Remember you'll also need someplace to plug the headphones. The Control Room Send on the mixer takes care of that as well as letting you "cue up" a sound clip that doesn't happen to start at the beginning.

If you don't do that, then yes, you're going to spend some quality time in post production putting it all together. The generally accepted production time alloted is 10 times the length of the show. A One hour show, on very fuzzy average, takes 10 hours to edit.

Koz

Re: Adding sounds to a track while recording

Posted: Fri Jan 30, 2009 11:28 am
by steve
JaffaTheCake wrote:I'm wanting to record to a podcast "as live", meaning I want to be able to trigger other pre-recorded sounds while recording vocals....

Imagine there's been 10 minutes of discussion, and now I'm moving onto "news headlines", at this point I'll want to activate the news jingle, and news backing track. When I've finished reading the news, I want to stop the news backing and play the outro jingle, then proceed with the next segment.

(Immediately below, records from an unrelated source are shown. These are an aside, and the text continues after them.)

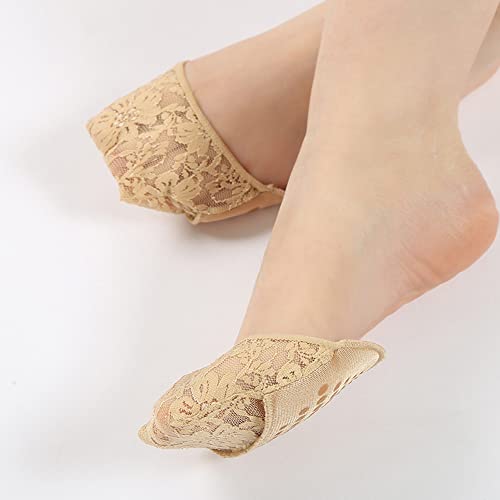 4 Pairs Half Toe Socks No Show Liner Socks Non-Skid Bottom Women Lace Toe Topper Liner Socks with Padding Pads, Black and Nude, One Size 5
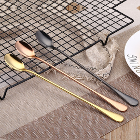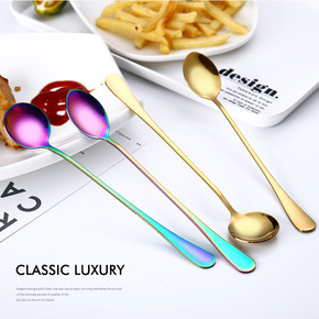 1010不锈钢镀钛金长柄勺咖啡冰饮搅拌勺子加厚尖勺...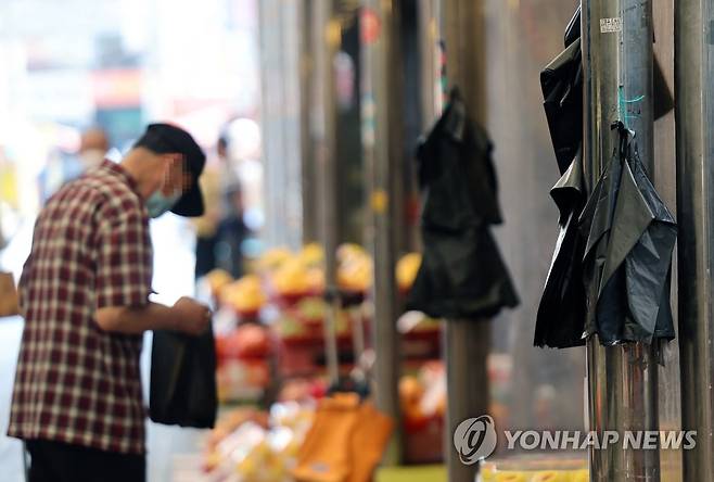 (서울=연합뉴스) 박동주 기자 = 세계 일회용 비닐봉지 없는 날인 3일 서울의 한 재래시장 기둥에 일회용 비닐봉지가 걸려 있다. 2022.7.3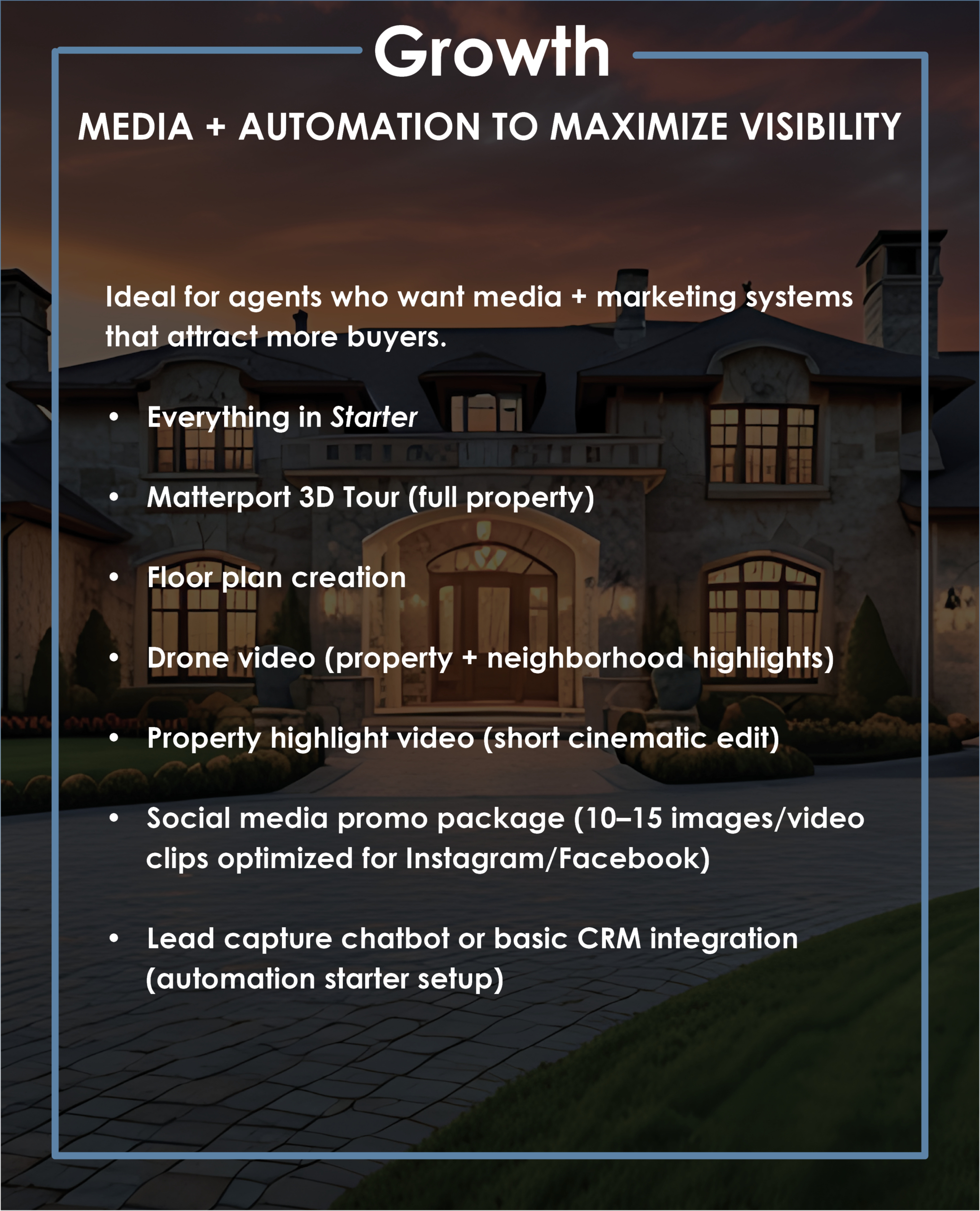 Our team blends high-end creative media with smart AI automation to give your brand both style and substance. Whether you need breathtaking property visuals, a boutique website, or a streamlined automation system that works while you sleep, we make it happen.

I'd like these jingles to appear on another track, so volumes can be adjusted independently later. I'd also like to be able to hear the jingles etc while I'm recording to get the timings right. Basically, the same as a live radio show works
One of the set-ups that I use can do this.
2 CD players, microphones, computer, other sources running into a mixing desk.
Control room output from the mixing desk plays through the monitoring system.
Independent direct outs from each mixing desk input to separate channels of a Protools recording system.
Auxiliary outputs for custom mixes for the performers.
Aux send/return loops for live effects.
Output from Protools back into mixing desk on separate group fader to allow monitoring of any/all recorded channels without creating a feedback loop.
The system costs several thousand pounds and was built for the purpose of live show recording.

You are wanting to reproduce this on one laptop?

What you are wanting to do is complex and demanding for a computer system - Personally I wouldn't attempt it without a real (hardware) mixing desk. To accomplish the task on one computer, you will need to be able to map each output to a virtual channel and also map the live input to a virtual channel. If you require more than one external input (such as microphones or CD players) to individual tracks then you will require a multi-channel sound card. To map different things playing on your computer to different tracks requires ASIO (on Windows) or JACK (on Linux).

There are various software technologies for making virtual audio connections between different audio applications, such as "Rewire" (Windows) or Jack Connect (Linux). The software required on Windows is likely to be quite expensive, and you should study the subject in some depth before commiting to any particular system. On Linux, suitable software is available free ("Ardour" would be the recording software of choice).

Alternatively you can make your show by multi-tracking (not live) and in this case you just need a sound card, microphone and Audacity.